This site will look much better in a browser that supports web standards, but is accessible to any browser or Internet device.

Anomaly ~ G. Wade Johnson Anomaly Home G. Wade Home

August 03, 2006

Misunderstanding XML

Like many developers, I've been working with XML for many years now. My first XML-based program dates back to within 6 months of the publishing of the XML 1.0 Recommendation by W3C. I've already gone through the phases of:

  • XML looks promising,
  • XML is cool,
  • everything in XML, and
  • XML is just another tool

XML is widely enough used that most people doing active development should have some concept of the ground rules. I realize that some people have not worked with XML as extensively as others, but there are a few things that have really begun to get on my nerves. I apologize in advance for what will mostly be a rant.

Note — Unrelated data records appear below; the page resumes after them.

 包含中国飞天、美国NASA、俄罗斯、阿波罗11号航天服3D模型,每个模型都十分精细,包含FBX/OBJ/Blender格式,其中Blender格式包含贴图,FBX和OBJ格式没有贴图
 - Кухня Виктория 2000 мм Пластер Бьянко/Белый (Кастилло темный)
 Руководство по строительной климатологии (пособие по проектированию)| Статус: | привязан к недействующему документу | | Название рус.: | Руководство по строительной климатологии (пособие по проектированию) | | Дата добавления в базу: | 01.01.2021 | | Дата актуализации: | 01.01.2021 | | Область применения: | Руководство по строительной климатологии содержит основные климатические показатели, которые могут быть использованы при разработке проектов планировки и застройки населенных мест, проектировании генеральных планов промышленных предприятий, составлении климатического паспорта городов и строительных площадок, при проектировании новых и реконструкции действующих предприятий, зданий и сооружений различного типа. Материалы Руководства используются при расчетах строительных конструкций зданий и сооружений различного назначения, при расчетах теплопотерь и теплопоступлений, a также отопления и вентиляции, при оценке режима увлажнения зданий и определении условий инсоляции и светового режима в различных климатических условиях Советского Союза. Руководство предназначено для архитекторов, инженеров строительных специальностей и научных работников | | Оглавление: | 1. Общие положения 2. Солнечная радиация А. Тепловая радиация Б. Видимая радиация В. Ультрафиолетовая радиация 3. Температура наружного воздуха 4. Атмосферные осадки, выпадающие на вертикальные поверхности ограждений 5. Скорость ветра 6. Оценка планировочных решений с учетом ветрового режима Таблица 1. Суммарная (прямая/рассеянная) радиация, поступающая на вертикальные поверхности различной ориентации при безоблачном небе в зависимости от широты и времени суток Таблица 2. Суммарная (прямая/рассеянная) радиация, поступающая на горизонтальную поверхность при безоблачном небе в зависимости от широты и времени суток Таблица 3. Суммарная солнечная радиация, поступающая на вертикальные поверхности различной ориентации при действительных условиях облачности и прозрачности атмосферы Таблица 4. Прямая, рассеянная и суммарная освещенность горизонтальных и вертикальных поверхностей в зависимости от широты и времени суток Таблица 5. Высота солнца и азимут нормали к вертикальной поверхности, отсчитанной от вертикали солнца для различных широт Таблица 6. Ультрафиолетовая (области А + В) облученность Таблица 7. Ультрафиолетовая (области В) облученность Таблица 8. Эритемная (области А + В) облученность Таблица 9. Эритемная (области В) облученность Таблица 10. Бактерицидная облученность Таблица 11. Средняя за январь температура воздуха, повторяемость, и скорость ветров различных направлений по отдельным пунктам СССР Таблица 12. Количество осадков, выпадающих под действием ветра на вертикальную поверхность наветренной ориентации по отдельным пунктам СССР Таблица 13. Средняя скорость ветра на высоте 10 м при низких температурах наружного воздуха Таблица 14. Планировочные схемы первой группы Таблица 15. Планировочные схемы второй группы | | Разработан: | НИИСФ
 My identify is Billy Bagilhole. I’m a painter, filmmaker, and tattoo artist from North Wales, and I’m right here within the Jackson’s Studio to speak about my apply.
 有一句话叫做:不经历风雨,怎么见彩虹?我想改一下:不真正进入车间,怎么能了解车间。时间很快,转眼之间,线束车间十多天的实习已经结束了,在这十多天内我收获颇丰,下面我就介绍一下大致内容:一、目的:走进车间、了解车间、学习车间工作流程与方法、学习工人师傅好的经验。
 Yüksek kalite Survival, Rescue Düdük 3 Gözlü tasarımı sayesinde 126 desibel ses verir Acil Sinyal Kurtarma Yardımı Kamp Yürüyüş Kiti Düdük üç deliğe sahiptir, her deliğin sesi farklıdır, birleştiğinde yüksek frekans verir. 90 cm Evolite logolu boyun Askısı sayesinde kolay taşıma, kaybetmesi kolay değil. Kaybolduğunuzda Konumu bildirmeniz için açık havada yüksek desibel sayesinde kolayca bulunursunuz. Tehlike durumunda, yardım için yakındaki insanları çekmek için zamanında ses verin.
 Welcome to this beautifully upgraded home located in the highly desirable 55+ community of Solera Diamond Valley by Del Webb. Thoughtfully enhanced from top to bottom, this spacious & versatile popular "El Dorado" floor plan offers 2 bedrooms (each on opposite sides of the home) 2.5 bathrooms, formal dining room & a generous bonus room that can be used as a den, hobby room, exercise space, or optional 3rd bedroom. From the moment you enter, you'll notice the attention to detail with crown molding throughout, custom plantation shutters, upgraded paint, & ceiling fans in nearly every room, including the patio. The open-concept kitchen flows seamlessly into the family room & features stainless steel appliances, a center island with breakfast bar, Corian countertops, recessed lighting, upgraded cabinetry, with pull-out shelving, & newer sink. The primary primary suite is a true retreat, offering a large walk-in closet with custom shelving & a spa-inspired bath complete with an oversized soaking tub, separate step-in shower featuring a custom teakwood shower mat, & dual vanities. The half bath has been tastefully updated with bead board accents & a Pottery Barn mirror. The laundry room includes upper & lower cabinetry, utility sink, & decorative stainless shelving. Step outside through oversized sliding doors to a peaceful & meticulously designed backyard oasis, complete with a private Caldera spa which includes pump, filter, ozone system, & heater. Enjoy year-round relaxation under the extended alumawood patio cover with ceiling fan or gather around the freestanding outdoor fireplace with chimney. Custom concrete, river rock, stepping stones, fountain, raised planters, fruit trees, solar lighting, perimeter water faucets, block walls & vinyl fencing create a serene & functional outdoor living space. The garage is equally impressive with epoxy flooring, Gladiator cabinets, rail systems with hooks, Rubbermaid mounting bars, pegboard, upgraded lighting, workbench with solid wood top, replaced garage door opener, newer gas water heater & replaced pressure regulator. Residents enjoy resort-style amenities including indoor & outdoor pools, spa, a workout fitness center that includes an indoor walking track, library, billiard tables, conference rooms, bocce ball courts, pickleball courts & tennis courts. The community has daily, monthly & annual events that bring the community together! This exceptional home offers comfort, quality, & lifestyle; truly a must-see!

XML is powerful. There are a large number of tools that work with XML. But, not every text file with angle brackets is XML. If you say you are working in XML, you have to follow the rules specified in the recommendation or it's not XML.

Well-formed XML

If the data is not well-formed, it is not XML. There is no such thing as lenient XML. If you call it XML, except we have a few extensions..., its not XML. If you have start tags with no end tags, it's not XML. If you have more than one root element, it's not XML. If you have attribute values that are not surrounded by quotes, it's not XML. This does not mean that the format may not be useful. But, if your data is not XML, don't expect an XML tool to handle it. This makes as much sense as expecting your MP3 player to read an MS Word document aloud.

Over and over again through the years, someone will report that one XML tool or another is broken because it can't read their XML. Most of the time, the document turns out to be ill-formed. Sometimes, the questioner will say "thanks" and fix their XML. Most of the time, they begin suggesting that the tool be modified just a little to handle this case. Or they may complain the the authors of the tool should have made it capable of dealing with this case, since it is obviously useful.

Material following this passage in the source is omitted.